While the White House claims the President’s message is “simply a plea to students to really take their learning seriously, find out what they're good at, set goals, and take the school year seriously,” the written materials released last week (before the controversy erupted) tell a slightly different story.

Some of the language in those materials seemed to play into the critics’ contention that the address was about building Obama’s image more than about educating our children. For instance, teachers were prompted to ask the children, “What is the president inspiring me to do?” They were also encouraged to make posters of Obama’s notable quotes about education.

The lesson plans, available online, originally recommended having students “write letters to themselves about what they can do to help the president.” This comes on the heels of a video shown to elementary school students in Farmington last week that contained messages from celebrities who pledged to “serve Barack Obama”.

Isn’t the President a servant of the people? Isn’t he supposed to be serving us? Shouldn’t we be teaching our children to serve their neighbors and the country as a whole, rather than one individual who happens to already be the world’s most powerful man?

The story has legs because there is a ring of truth in the charge that Obama may have tried to use the opportunity to promote his political agenda while overstepping the boundaries of federal involvement in schools.

I have reviewed the text of the speech that was released 24 hours before it was to be given and found nothing objectionable about it.

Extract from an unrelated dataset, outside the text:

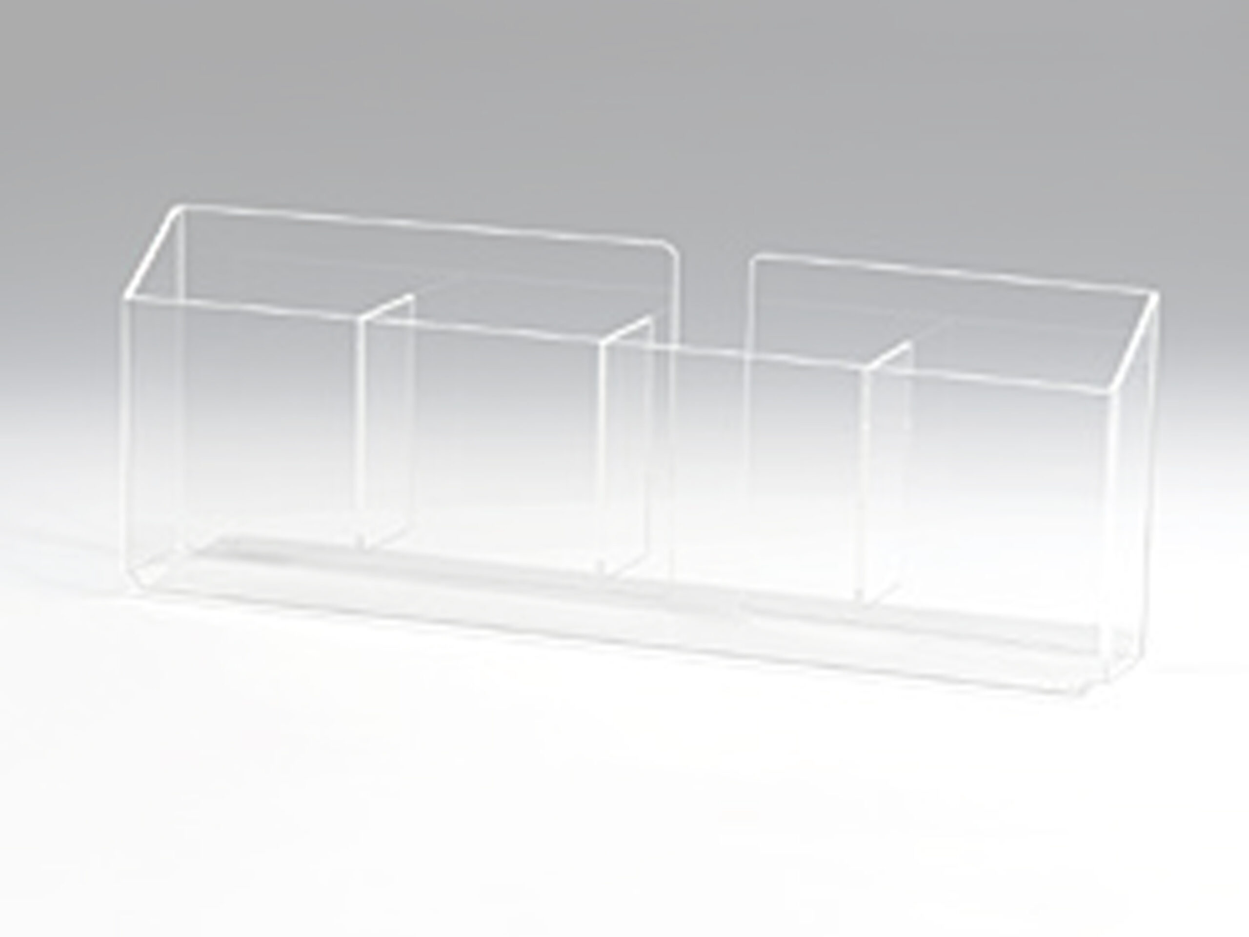 Give your business an organized appearance with one of our acrylic pamphlet dispensers. This pamphlet dispenser has permanent dividers that create four pockets to hold your literature. Each of the pockets is 2″ deep and designed to accommodate standard 4″ x 9″ brochures. The pamphlet dispenser also has rubber feet at its base to prevent skidding and hold the display securely in place.

But the question will linger as to what revisions may or may not have been made after some parents started announcing they would be pulling their kids from schools.

One Arizona state school superintendent said the lesson plans released for teachers “call for a worshipful rather than critical approach.” Other school officials have expressed concern that Obama is “cutting out the parent” by speaking to kids during school hours.

As a result, school districts in states like Texas, Illinois, Minnesota, Missouri, Virginia and Wisconsin have decided not to show the speech to students.

Like Gov. Gary Herbert, I have no problem with our nation’s president addressing our school children. While I strongly disagree with some of President Obama’s political positions, I respect him and the office to which he was duly elected by the American people. I do not believe his speech is an attempt to commence political indoctrination or to mold impressionable young minds into his left-wing rationale.